Exercise instructions
An exact transcription of all the data is required; the pictures are to be left out.
=== Begin Enclosure ===
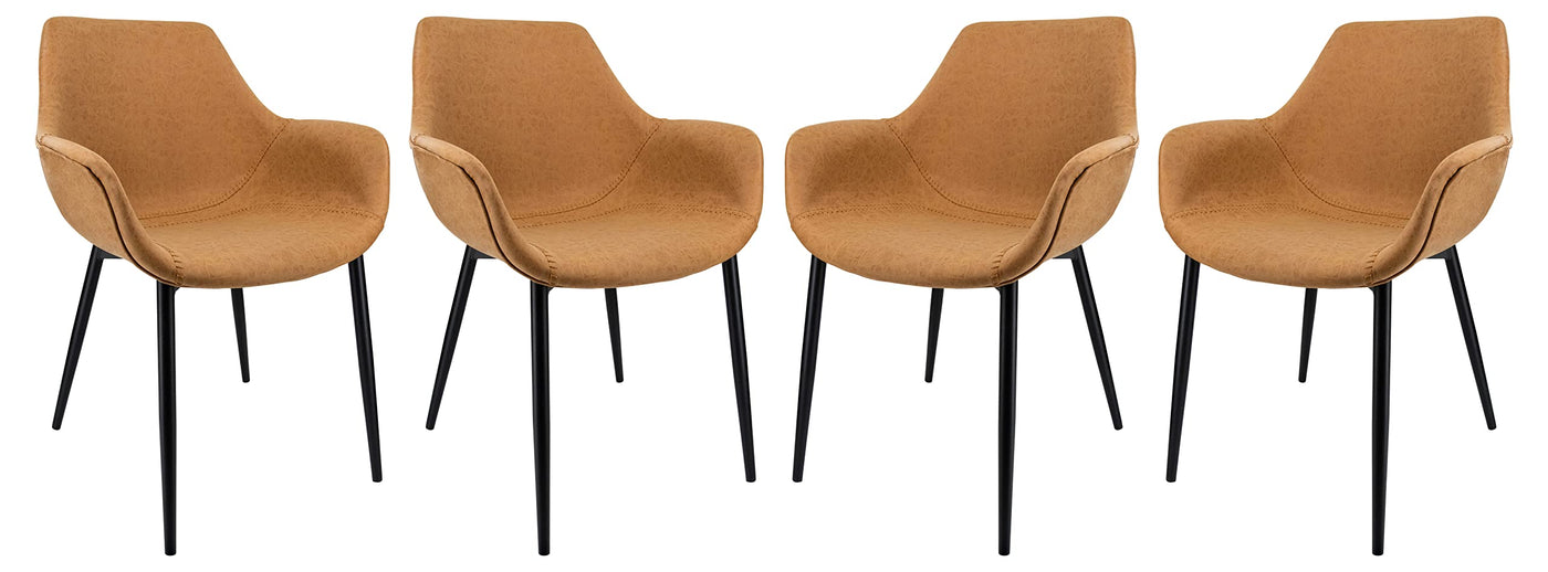 Leisuremod Markley Modern Leather Dining Armchair Kitchen Chairs With Metal Legs Set Of 4 Light Brown
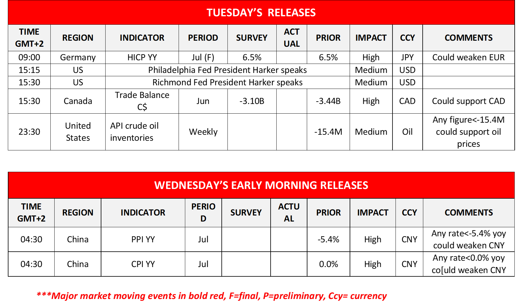 Today in the European session, we note the release of Germany’s final HICP rate for July. Oil traders may be more interested in the release of the weekly API crude oil inventories figure. During tomorrow’s Asian session, we note the release of China’s inflation metrics for July.
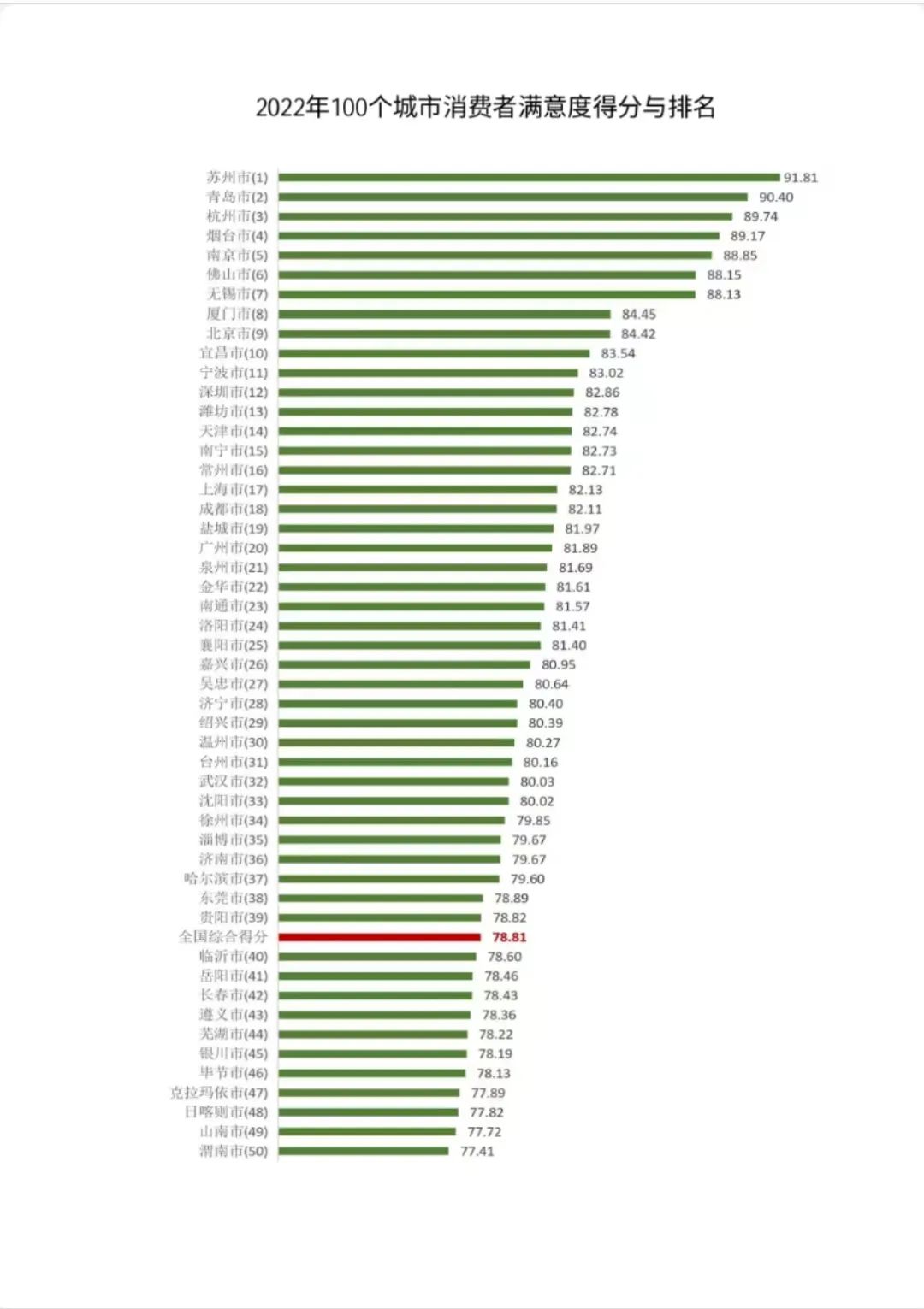 苏州、青岛、杭州、烟台、南京、佛山、无锡、厦门、北京、宜昌位居100个城市消费者满意度综合得分第1至10名。
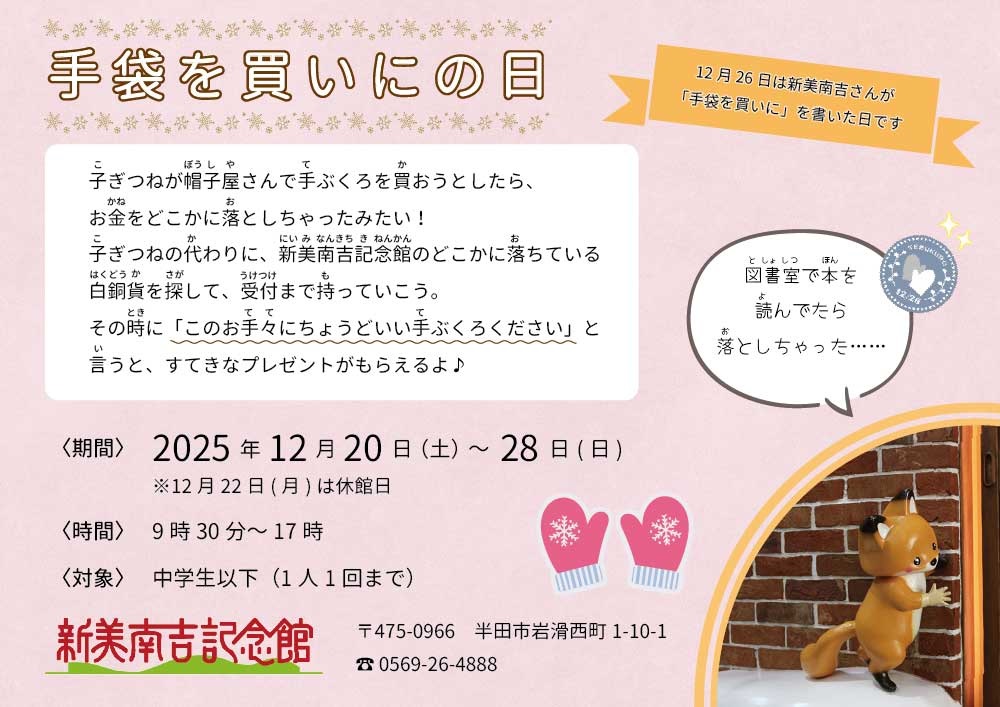 新美南吉は12月26日に「手袋を買いに」を書きました。これにちなんで、12月下旬から中学生以下を対象に記念イベントを開催します。
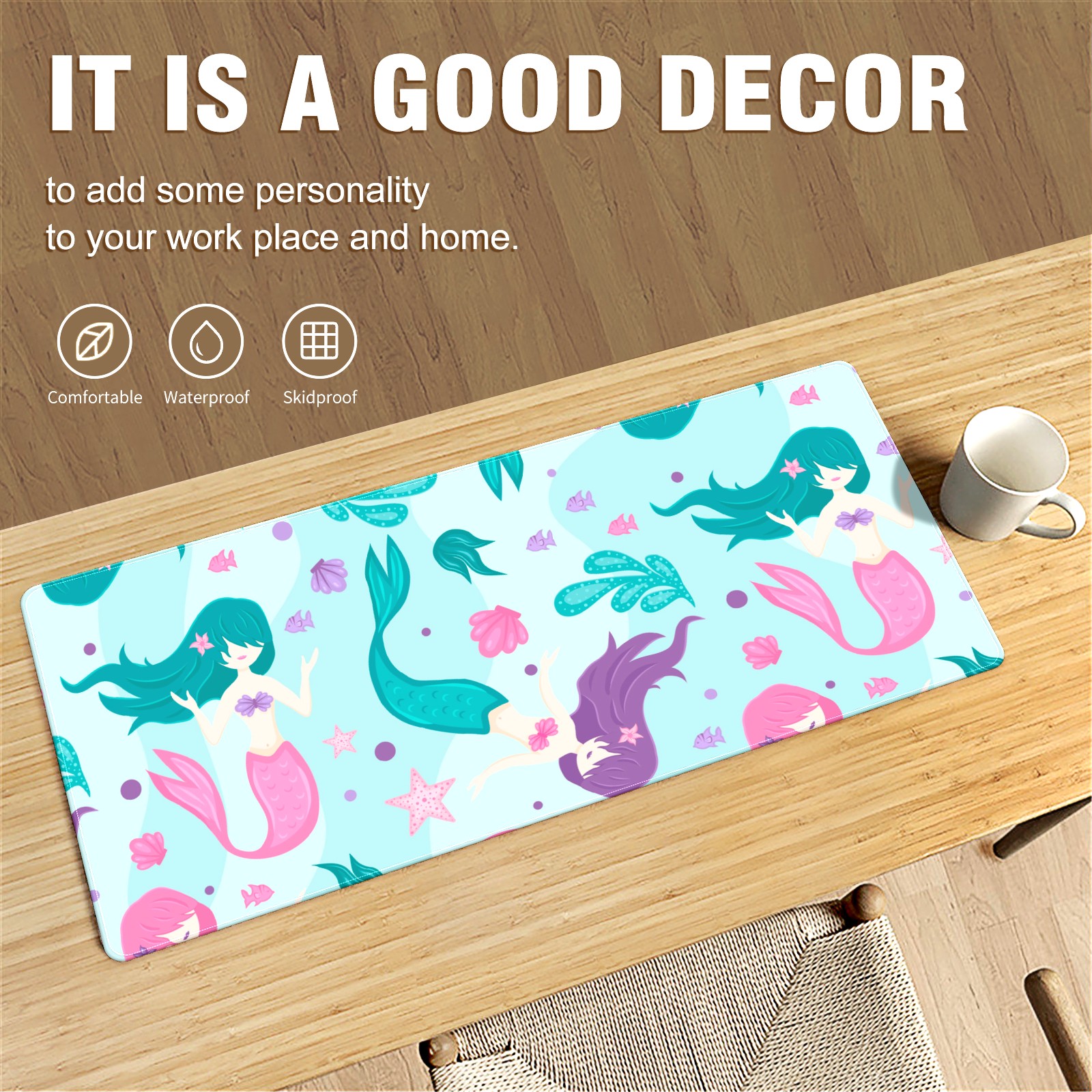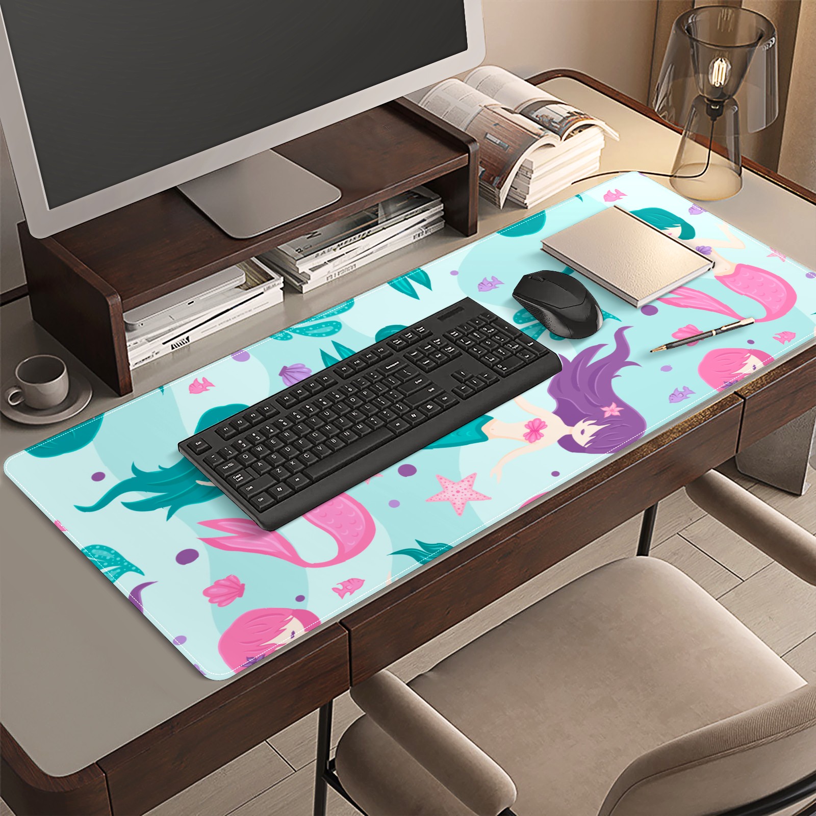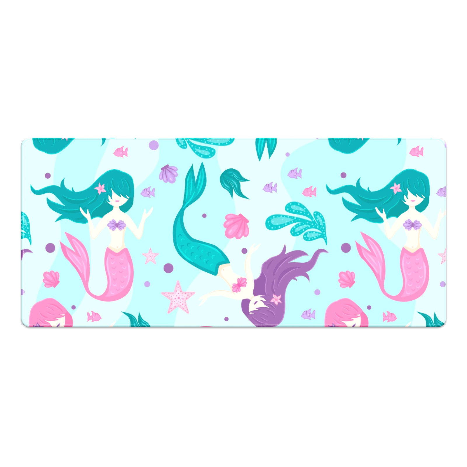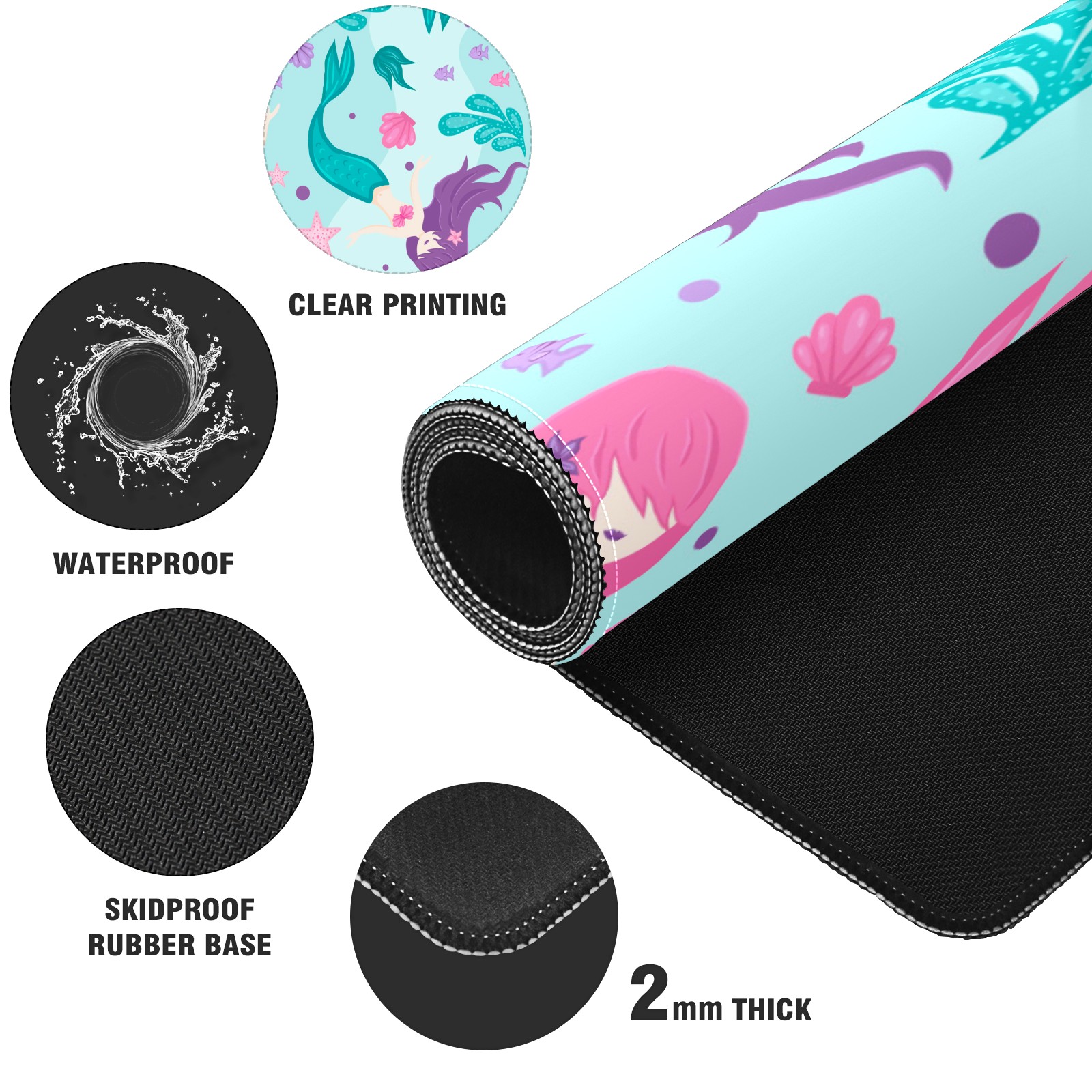 Large Mouse Pad for Desktop, Cute Desk Mat Pad Protector for Work & Gaming, Aesthetic Pretty Anti-Slip Laptop Blotter Cover for Office School Home Supplies, Cute Mermaid Seamless , 35.4inx15.7in
=== End Enclosure ===
Your solution
 Leisuremod Markley Modern Leather Dining Armchair Kitchen Chairs With Metal Legs Set Of 4 Light Brown
 Today in the European session, we note the release of Germany’s final HICP rate for July. Oil traders may be more interested in the release of the weekly API crude oil inventories figure. During tomorrow’s Asian session, we note the release of China’s inflation metrics for July.
 苏州、青岛、杭州、烟台、南京、佛山、无锡、厦门、北京、宜昌位居100个城市消费者满意度综合得分第1至10名。
 新美南吉は12月26日に「手袋を買いに」を書きました。これにちなんで、12月下旬から中学生以下を対象に記念イベントを開催します。
 Large Mouse Pad for Desktop, Cute Desk Mat Pad Protector for Work & Gaming, Aesthetic Pretty Anti-Slip Laptop Blotter Cover for Office School Home Supplies, Cute Mermaid Seamless , 35.4inx15.7in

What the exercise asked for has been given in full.